Problem to work on: In duplicating the lines below, keep every word unchanged and drop the pictures.

Material provided:

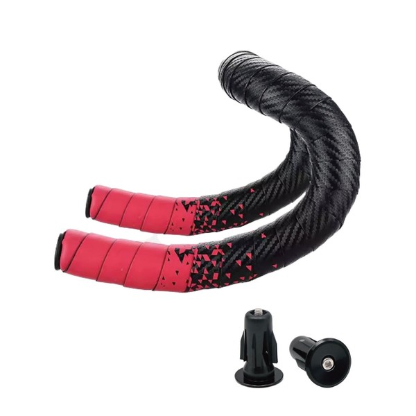morytrade Bar Tape Road Bike Drop Handle Gradient with Aluminum Bar Ends (Red/Black)
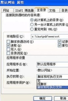 第四步:返回到默认网站属性窗口的“主目录”标签,将执行权限修改为“脚本和可执行文件”,这样才能够执行PHP程序。(如图8)
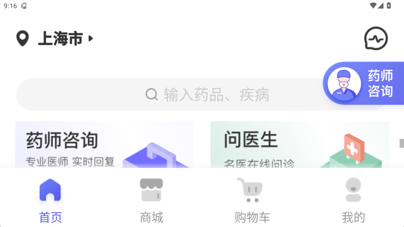 1、打开软件,进入首页,可进行药师咨询、问医生,还能搜索药品和疾病。

Solved exercise:
morytrade Bar Tape Road Bike Drop Handle Gradient with Aluminum Bar Ends (Red/Black)
 第四步:返回到默认网站属性窗口的“主目录”标签,将执行权限修改为“脚本和可执行文件”,这样才能够执行PHP程序。(如图8)
 1、打开软件,进入首页,可进行药师咨询、问医生,还能搜索药品和疾病。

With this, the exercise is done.